JAIME CONSTANTINO: MY TYPHOON YOLANDA SURVIVAL STORY
MANILA, NOVEMBER 18, 2013 (MANILA STANDARD) By Jaime Constantino - I survived typhoon Yolanda. I choose to write this to purge myself of what I experienced, however mundane my experience is compared to the rest.
I am an employee of Procter and Gamble and have been assigned to Tacloban since July this year. Days before Yolanda was expected to hit, my dad had been e-mailing me warnings about how strong the typhoon was going to be. These warnings went unnoticed until he called me at 3PM on Thursday. Only then did I remembered to buy supplies in preparation for the super typhoon. I charged all my electronics and battery packs, and then fell asleep to MTV.
I woke up at 4:30 Friday morning to loud winds tearing the roof. I told myself it would pass, and I read a book to try and fall asleep again. But the wind was too frightening to ignore. My ears popped from the change in the air pressure. By six o’clock, my Globe line had no signal, and I called my mom with my Smart line. I told her that the storm was forcing the water through the cracks of the door and windows, flooding my room. I reassured her that I would be okay, and that I loved them. As soon as I put the phone down, the signal went out. I looked outside my ground-floor apartment as the wind got stronger and I saw that the informal settlements around us were wiped out. The roof of the two-floor compound I was living in was flying off, and the cars shook in protest to the wind. The bolted gates flew open and some evacuees fled to our communal dining area. An hour later, my housemate banged on my door, told me to pack up my valuables, and move up to the second floor.
We stayed there until 10:30, and started to clean up as the calm eye passed over us. We assessed the light damage done to our cars and our belongings. One of my housemates apparently hid in his aparador because his windows shattered and his roof flew off. By five thirty that afternoon, four of the tenants went to explore beyond the compound. They returned four hours later with horror stories. Everywhere else was flattened, more devastated than ours. Floodwater still coated Tacloban, and downtown the dead littered the streets. People were breaking into the buildings to search for their loved ones. Rumors were flying that people broke into Robinsons, Gaisano, and other establishments for food. A fire was raging in the middle of everything.
When they finished telling the story, the barangay kapitan was yelling “TSUNAMI!” telling us to leave and head for higher ground. Outside our compound, people were panicking and fleeing to the nearby hills.

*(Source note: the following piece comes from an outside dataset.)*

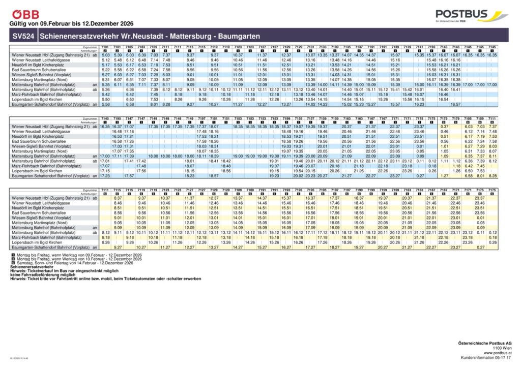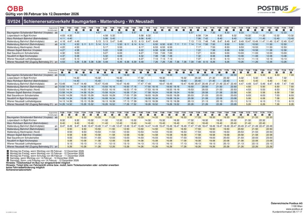 - Zwischen Loipersbach-Schattendorf und Baumgarten-Schattendorf: Hier erfolgt die Ersatzbeförderung mit Bussen.
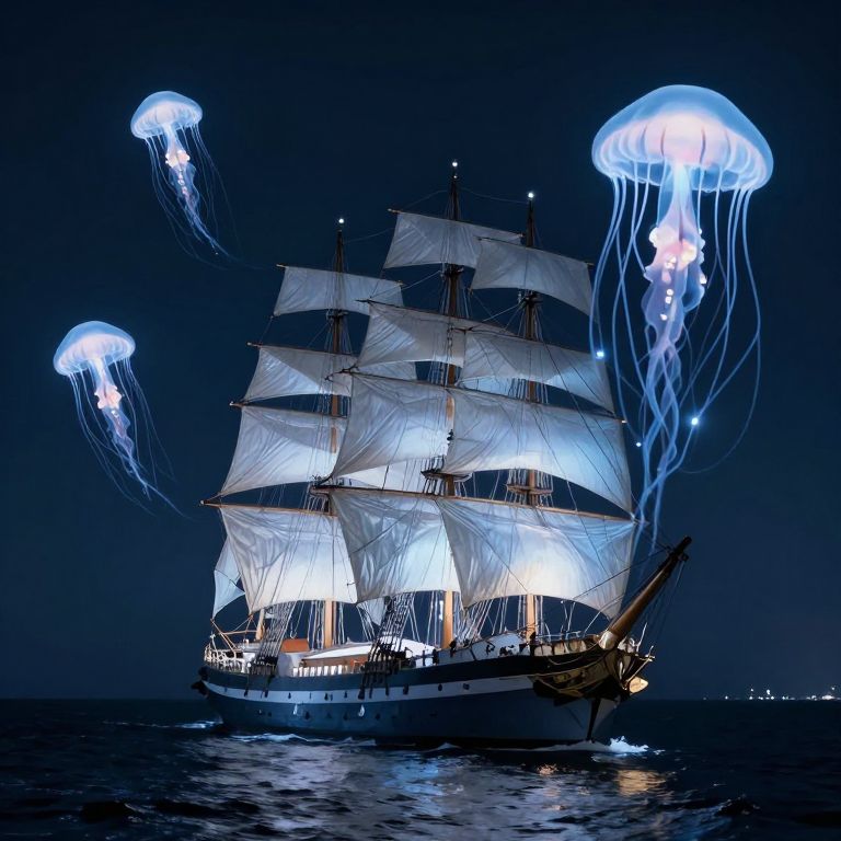A majestic sailing ship glides through the night sea, illuminated by ethereal, translucent jellyfish-like forms that float alongside, their glowing tendrils weaving between the rigging like living, luminous ropes.

I couldn’t sleep that night. Although we’d set up a buddy system, I kept waking up hearing footsteps from beyond the compound heading toward us. I was paranoid and I didn’t trust others who weren’t from our compound. I was told later on that there were attempts to get in the compound that night. People were already desperate for food and water, and would do anything to survive.
The next day, 10 of us went out to try and get food and water from Robinsons. With more than 20 of us in the compound, we were running out of food and water. That was the reality of it. We were ready to loot the malls. I am not ashamed to admit this.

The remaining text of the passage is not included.